At a press conference Thursday, the body’s spokesperson Julie Kozack was quoted saying that the IMF had recommended “limiting public sector exposure to Bitcoin,” according to a Reuters report.
El Salvador made Bitcoin legal tender in the country back in 2021. The IMF—which has been in talks with El Salvador for years about a fund-supported program to strengthen growth prospects in the country—has been one of the loudest critics of the Bitcoin move.
“What we have recommended is a narrowing of the scope of the Bitcoin law, strengthening the regulatory framework and oversight of the Bitcoin ecosystem, and limiting public sector exposure to Bitcoin,” Kozack was quoted saying on Thursday.
Neither the IMF nor a press person for the Salvadoran government immediately responded to Decrypt’s questions.
The IMF warned in 2021 that El Salvador’s move to make Bitcoin legal tender in the country raised “a number of macroeconomic, financial and legal issues.”
But it admitted in August that many of the risks of the Bitcoin experiment “had not yet materialized.”
The country’s leader President Nayib Bukele has always brushed off concerns institutions and politicians have had about the project—even tweeting memes mocking the IMF’s grievances.
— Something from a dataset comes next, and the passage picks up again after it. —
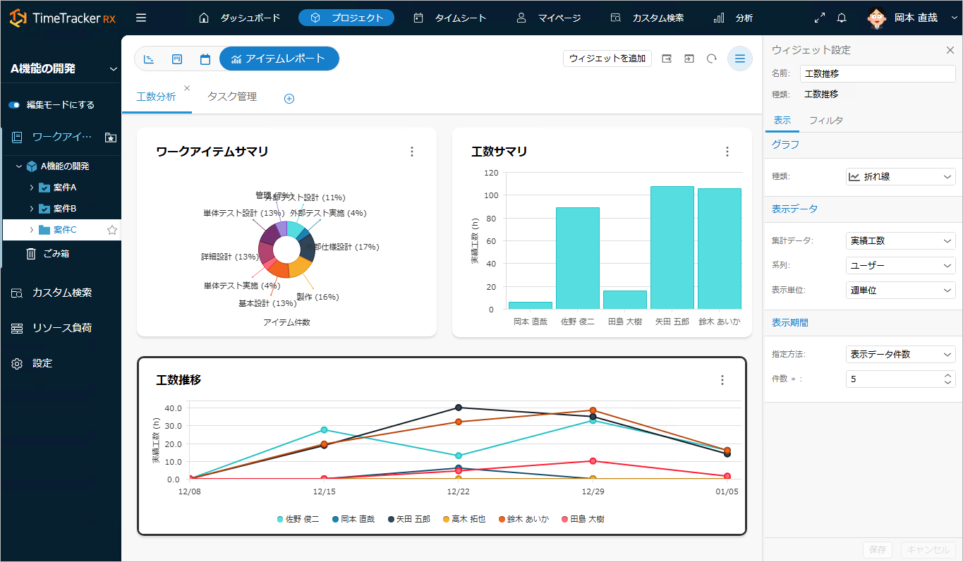 TimeTracker RXは、プロジェクトや業務の改善を目的とした工数管理ツールとして改善につながる正確な事実を計測し、分析するしくみを提供しています。

President Bukele—who has been criticized by human rights organizations for being an autocrat but praised by libertarians and conservatives for making El Salvador safer—admitted in an August interview with TIME that the Bitcoin experiment had fallen short.
The Bitcoin law requires businesses in the tiny Central American country to accept the asset if they have the technological means to do so. The government has also bought huge amounts of the digital currency, with President Bukele claiming that he would buy Bitcoin “naked” or while “in the toilet.”
Back in 2021, Salvadorans were given $30 of free Bitcoin via the government crypto wallet. But Decrypt—and research polls—found that many citizens have been indifferent to receiving and using the asset.